A quick glance at the Surface RT page in the United Kingdom reveals that the device is now being sold at £279. The page lists the official Microsoft Store and high-profile brick-and-mortar retailers John Lewis and PC World as participating retailers, although the former doesn’t appear to be live just yet. It’s only a matter of time, however.
Again, the new £279 price tag for the 32GB Surface RT is down from £399, equal to a 30 percent cut.
Elsewhere, the Surface RT is being sold from €339 in France, €337 in Italy and €329 in Spain. Similar price points are available for other European consumers.
Microsoft hasn’t disclosed the reasons for the sudden price drops, although initial sales are undoubtedly a contributing factor. The company has never revealed official sales figures, although the International Data Corporation (IDC) estimated in May that 900,000 Surface RT and Surface Pro devices had been sold in the first three months of 2013 – its first full quarter on the market.
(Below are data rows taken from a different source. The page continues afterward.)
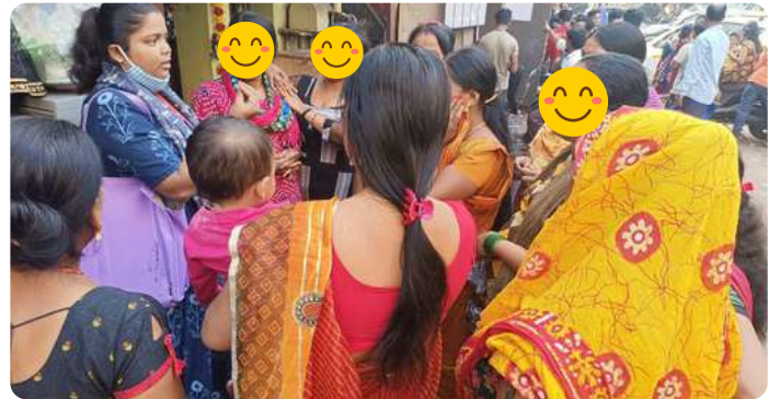
Outreach and Community Engagement
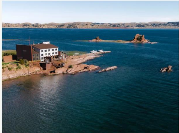
Titilaka, a remote Relais &amp; Châteaux property on the banks of Lake Titicaca &gt;
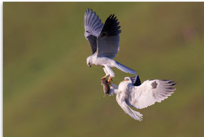
Male White-tiled Kite Exchanges a Capture CA Vole... by Bruce Finocchio - 1st Place
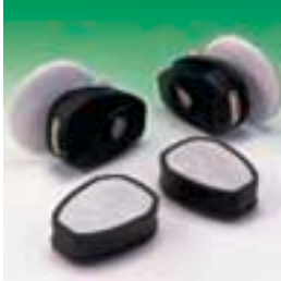
TabTec® with FLEXifilters
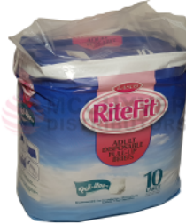
LASCO RITEFIT ADULT PULLUPS LG 8X10S (SOLD BY CASE) Price: Login to See Prices
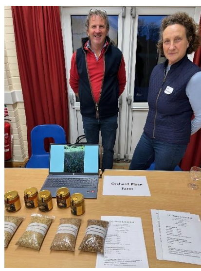
Orchard Place Farm
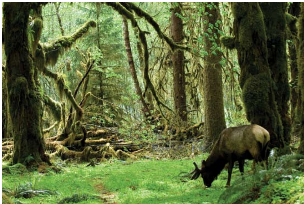
Olympic National Park, Washington
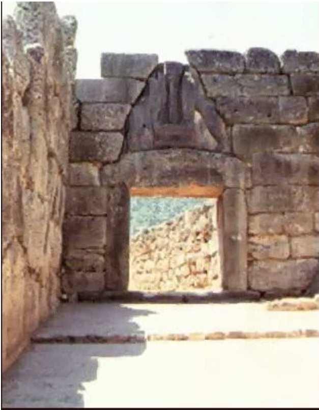
Figure 12: The Lion's Gate of Mycenae is a fine example of masonry in Bronze Age Greece.
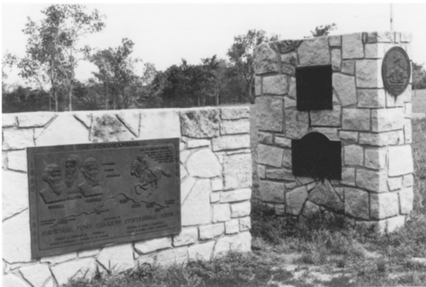
Commemorative plaques to SW of building. Landmark plaque is square plaque on right
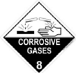
Corrosive Gas Monitoring
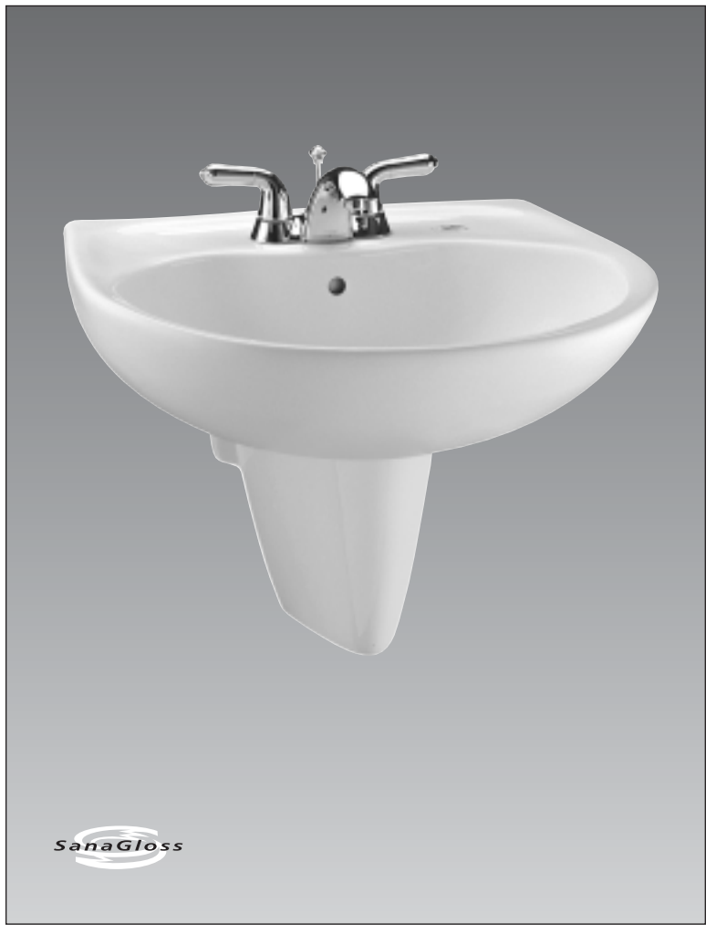
LHT242.4G - Prominence™ Wall Mount Lavatory

The Surface is Microsoft’s first foray into tablet computers. While the Surface Pro is being pitched as a replacement for users’ laptops – it runs the full version of Windows 8 and comes with laptop-equivalent specs under the hood – the Surface RT is designed to lie somewhere between traditional tablets, such as the iPad, and its more powerful older brother.
Microsoft has pushed the Surface hard with a number of widespread television commercials, but this doesn’t appear to have translated into commercial success. App support is still slow and the overall messaging of Windows RT has been mixed at best.
The price cuts announced today and last week could also signal a transition to new Surface hardware. Microsoft hasn’t hinted at the update cycle for the Surface line, but it wouldn’t be surprising to see the company adopt an annual cycle similar to Apple.
For readers in Europe, the question remains: is a price cut enough to interest you in a Surface RT? Or is the hardware and form factor simply irrelevant?